_WORK TO BE COMPLETED_:
Take from the entries below the stretch from the line with "第二次写入内容,w.txt已" through the line with "Tee-shirt Kiabi 12", and return it exactly, leaving the pictures out.
▬▬▬▬▬▬
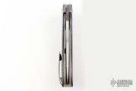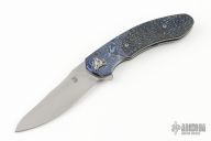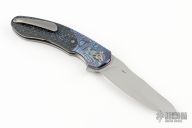 This Mini AWT by Brad Southard features a hand rub satin finished blade with notched thumbrest and flipper. The handle has mokuti bolsters, black/blue silver lightning strike carbon fiber scales, titanium pivot collars, bead blasted titanium liners, notched and anodized titanium backspacer, tip up bead blasted titanium clip. Nice detent, lockup and blade seating. Rides on bearings. Comes with a zippered case. Excellent condition.
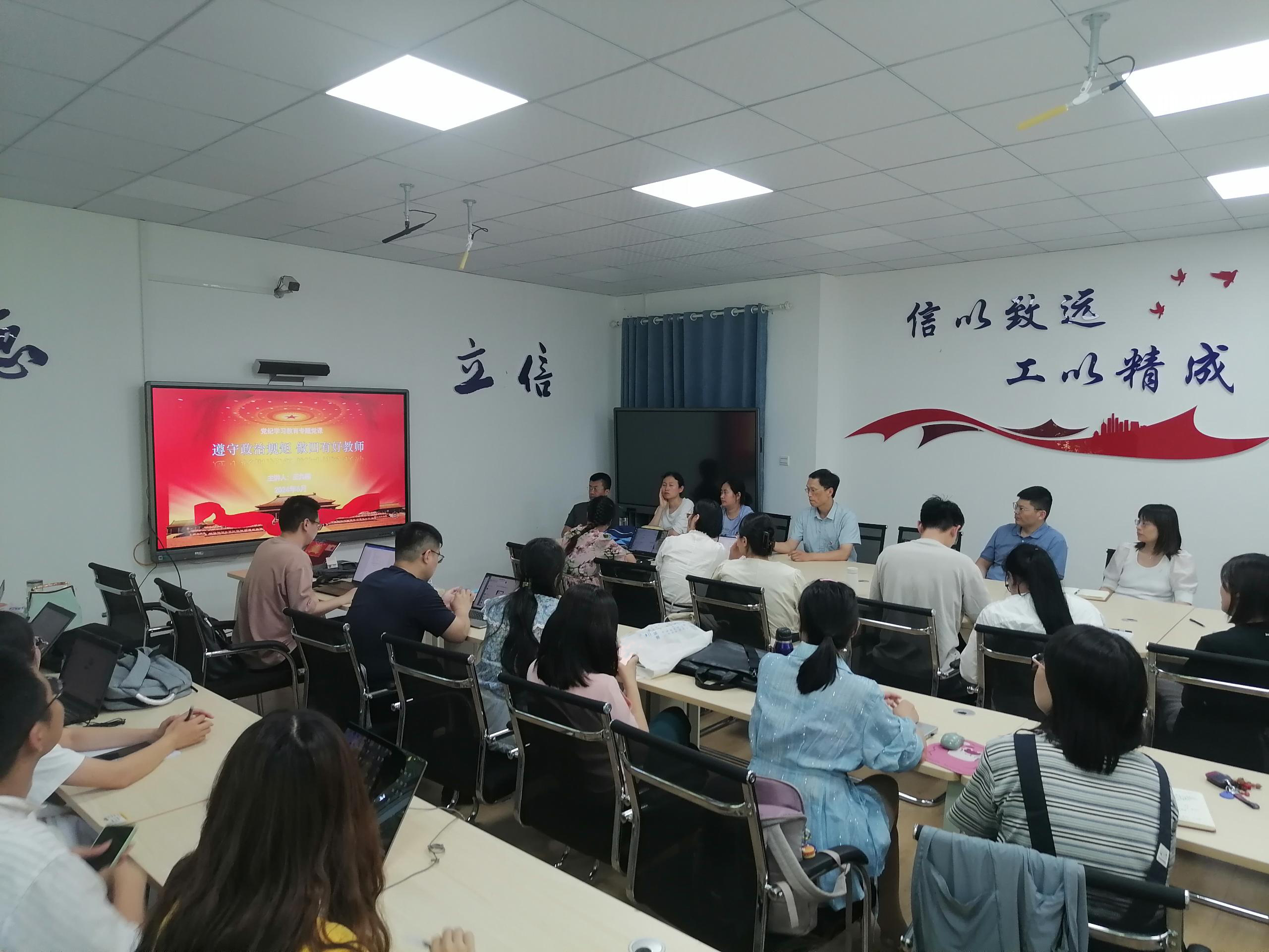 本站讯 为进一步推进全面从严治党,深入学习领会新修订的《中国共产党纪律处分条例》(以下简称《条例》)的内容和要求,增强党纪规矩意识,6月24日,信息工程学院党总支书记王九福以《遵守政治规矩,做四有好教师》为题,为学院全体教职工讲授了一堂深刻的党纪专题党课。
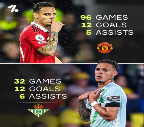 雷速体育10月19日报道宣称 根据统计,安东尼在贝蒂斯32场比赛参与的进球数,已经超越了此前他曼联生涯96场比赛的数据。此前在曼联效力96场,安东尼打入12球并有5次助攻,总计参与1
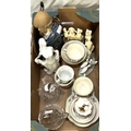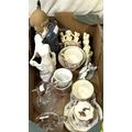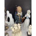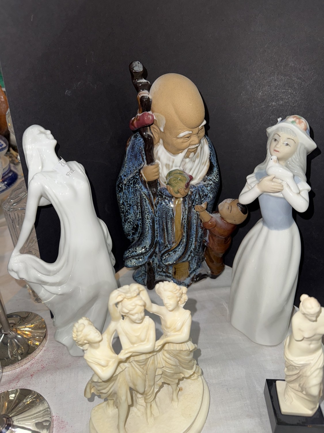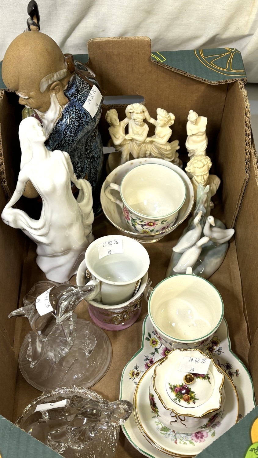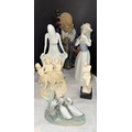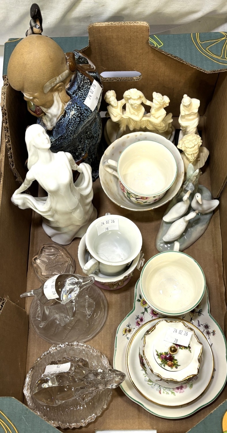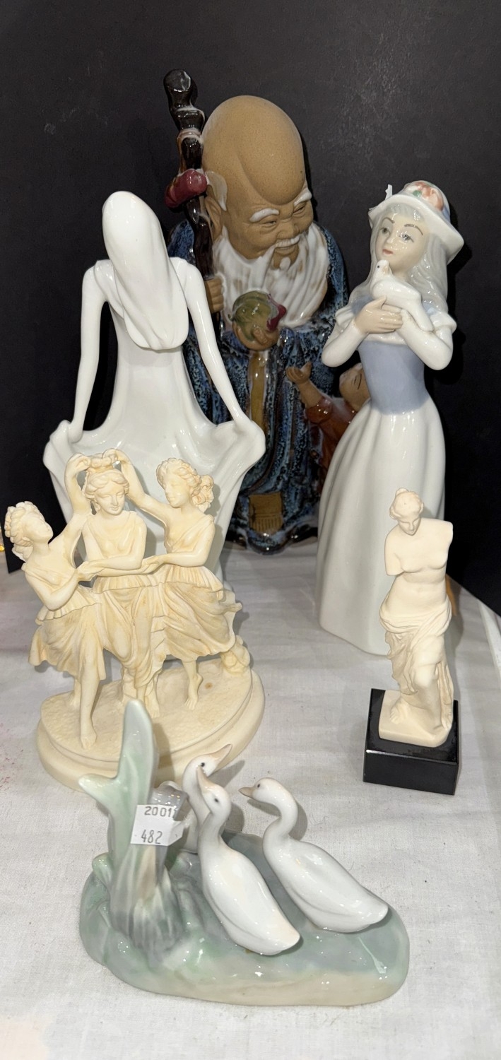 A Chinese figure of a Sage with a small child; glass animal figures, Nao ducks and similar figures.
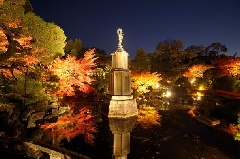紅葉の名所として知られる知恩院で、東山の湧水を引入れた庭と枯山水の庭で構成された名園「友禅苑」をはじめ、除夜の鐘で有名な大鐘楼、日本最大級の木造二重門である「三門」などがライトアップされます。広々とした境内には、さまざまな文化財が建ち並び、美しい紅葉とともにゆっくりと拝観できます。
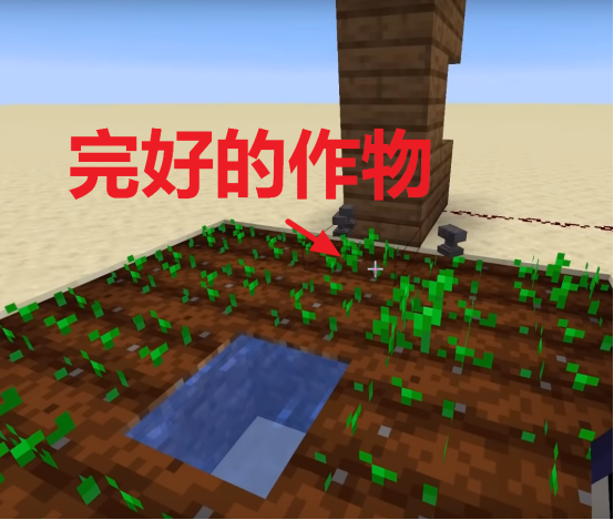 没错你没有看错,当我们激活活塞之后,3个铁砧从高空直接掉落到了田地里,可是平日里被我们轻轻一跃就会被踩死的作物在铁砧的面前确是纹丝不动,是不是看起来非常的恐怖呢?
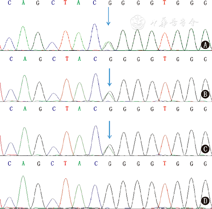 注:A:先证者c.1138G>A;B:先证者母亲c.1138G>A;C:先证者姐姐c.1138G>A;D:先证者父亲正常 A:propositus c.1138G>A;B:propo-situs mother c.1138G>A;C:propositus sister c.1138G>A;D:propositus father,normal
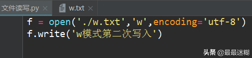 第二次写入内容,w.txt已经存在,就把第一次写入的内容删掉,再把第二次内容写入。
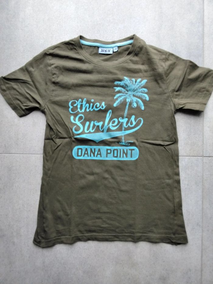 Tee-shirt Kiabi 12 ans en très bon état, très peu porté (kaki/turquoise) Maison non-fumeur #elodie_geo_vêtements_garçon_12ans B4
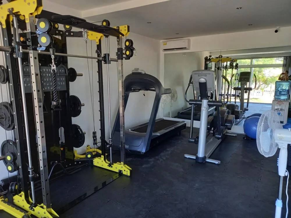 The building includes a larger rooftop pool with ocean views, a gym on the ground floor, an elevator, and secure underground parking. Practical building features consist of insulated windows and exterior walls, a reverse osmosis water treatment system, and controlled access with 24/7 security.
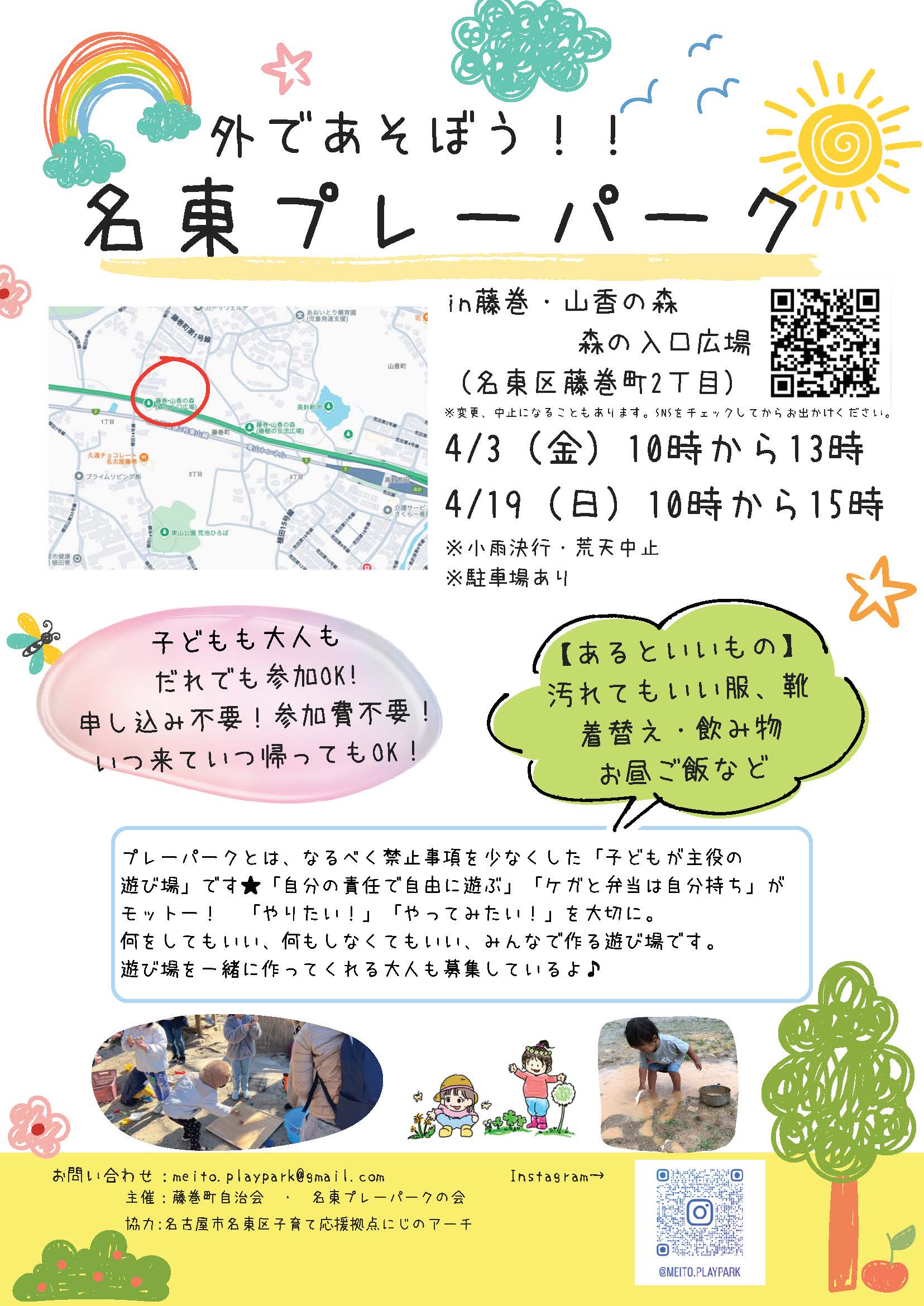 令和8年4月からの名東プレーパークはチラシのように平日と日曜日の月2回開催となります。
▬▬▬▬▬▬
_FINISHED TASK_:
 第二次写入内容,w.txt已经存在,就把第一次写入的内容删掉,再把第二次内容写入。
 Tee-shirt Kiabi 12 ans en très bon état, très peu porté (kaki/turquoise) Maison non-fumeur #elodie_geo_vêtements_garçon_12ans B4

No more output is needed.